Data supplied
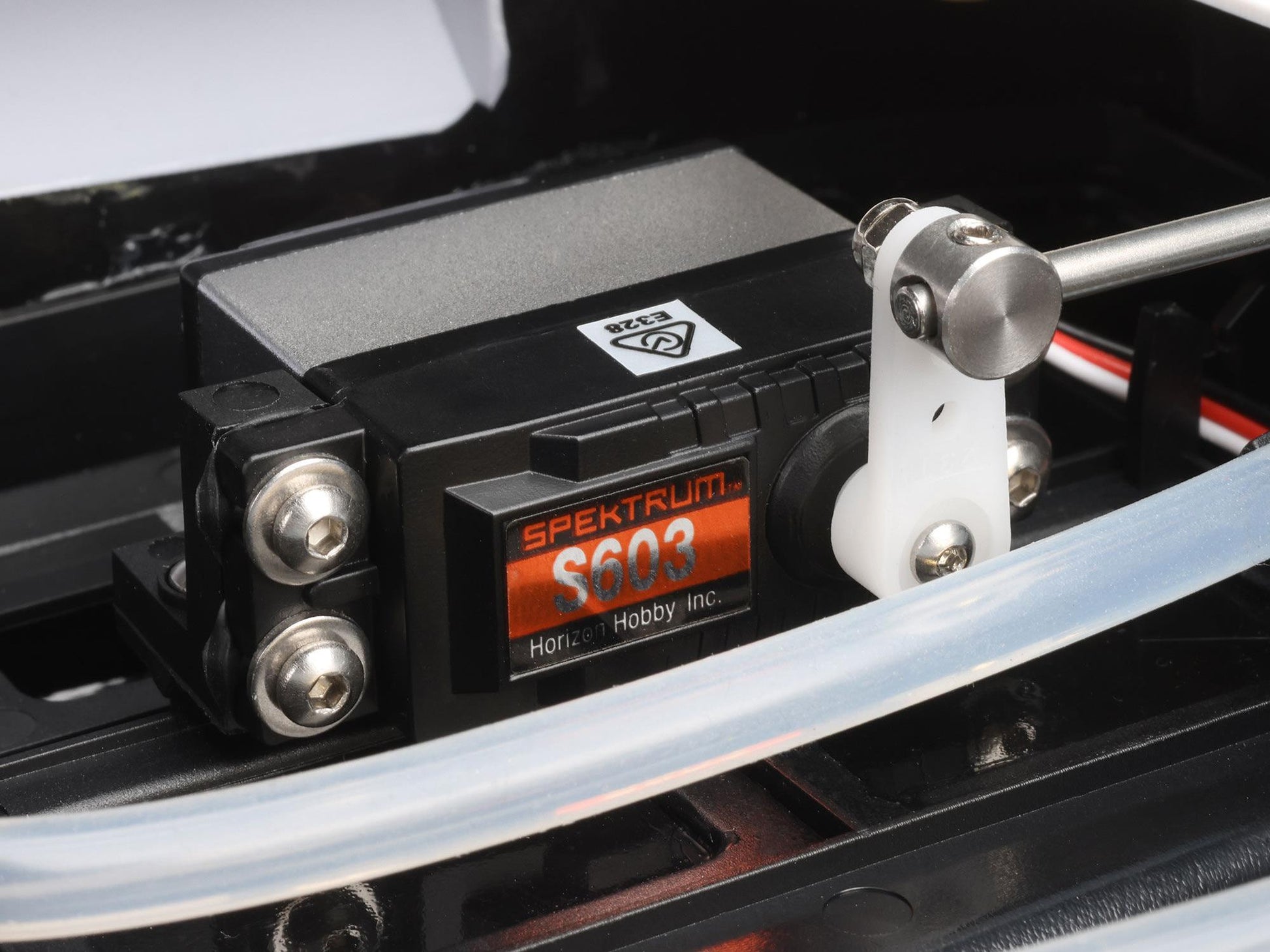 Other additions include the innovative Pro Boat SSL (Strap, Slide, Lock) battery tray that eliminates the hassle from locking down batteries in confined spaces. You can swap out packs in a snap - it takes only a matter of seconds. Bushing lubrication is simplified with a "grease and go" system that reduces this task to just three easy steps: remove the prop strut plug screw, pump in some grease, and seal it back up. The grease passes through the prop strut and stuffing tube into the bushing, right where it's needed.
---
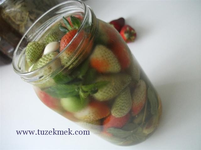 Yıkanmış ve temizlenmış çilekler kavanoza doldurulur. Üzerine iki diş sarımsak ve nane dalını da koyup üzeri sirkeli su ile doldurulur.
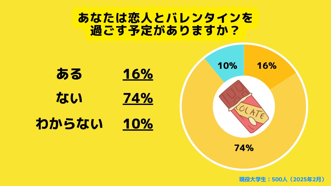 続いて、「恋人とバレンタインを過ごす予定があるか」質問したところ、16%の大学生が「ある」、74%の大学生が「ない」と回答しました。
...
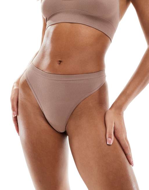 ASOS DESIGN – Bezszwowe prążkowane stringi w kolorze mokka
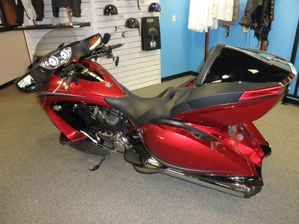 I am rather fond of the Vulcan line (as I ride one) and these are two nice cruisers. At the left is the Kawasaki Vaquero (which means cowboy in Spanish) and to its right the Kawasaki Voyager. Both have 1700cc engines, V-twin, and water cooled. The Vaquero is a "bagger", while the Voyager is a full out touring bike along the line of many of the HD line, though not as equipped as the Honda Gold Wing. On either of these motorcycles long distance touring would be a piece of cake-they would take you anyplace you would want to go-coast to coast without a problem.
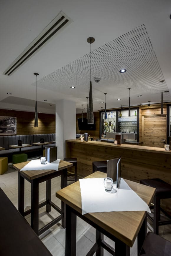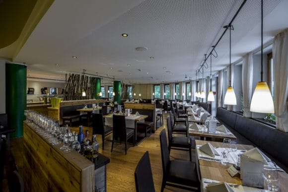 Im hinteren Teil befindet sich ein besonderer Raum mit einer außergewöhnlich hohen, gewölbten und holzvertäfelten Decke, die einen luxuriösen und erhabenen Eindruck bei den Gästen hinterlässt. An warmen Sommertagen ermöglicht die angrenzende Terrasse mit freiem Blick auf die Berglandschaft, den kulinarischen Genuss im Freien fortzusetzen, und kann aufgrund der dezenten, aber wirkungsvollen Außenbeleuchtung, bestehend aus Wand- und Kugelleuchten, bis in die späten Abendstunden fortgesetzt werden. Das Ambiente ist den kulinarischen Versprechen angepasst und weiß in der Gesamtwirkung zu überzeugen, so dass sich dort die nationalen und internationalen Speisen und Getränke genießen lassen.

What the task requires
From the listing above, restate verbatim the lines running from the one with "ASOS DESIGN –" through the one with "Im hinteren Teil", inclusive, but not the pictures.

Task output
 ASOS DESIGN – Bezszwowe prążkowane stringi w kolorze mokka
 I am rather fond of the Vulcan line (as I ride one) and these are two nice cruisers. At the left is the Kawasaki Vaquero (which means cowboy in Spanish) and to its right the Kawasaki Voyager. Both have 1700cc engines, V-twin, and water cooled. The Vaquero is a "bagger", while the Voyager is a full out touring bike along the line of many of the HD line, though not as equipped as the Honda Gold Wing. On either of these motorcycles long distance touring would be a piece of cake-they would take you anyplace you would want to go-coast to coast without a problem.
 Im hinteren Teil befindet sich ein besonderer Raum mit einer außergewöhnlich hohen, gewölbten und holzvertäfelten Decke, die einen luxuriösen und erhabenen Eindruck bei den Gästen hinterlässt. An warmen Sommertagen ermöglicht die angrenzende Terrasse mit freiem Blick auf die Berglandschaft, den kulinarischen Genuss im Freien fortzusetzen, und kann aufgrund der dezenten, aber wirkungsvollen Außenbeleuchtung, bestehend aus Wand- und Kugelleuchten, bis in die späten Abendstunden fortgesetzt werden. Das Ambiente ist den kulinarischen Versprechen angepasst und weiß in der Gesamtwirkung zu überzeugen, so dass sich dort die nationalen und internationalen Speisen und Getränke genießen lassen.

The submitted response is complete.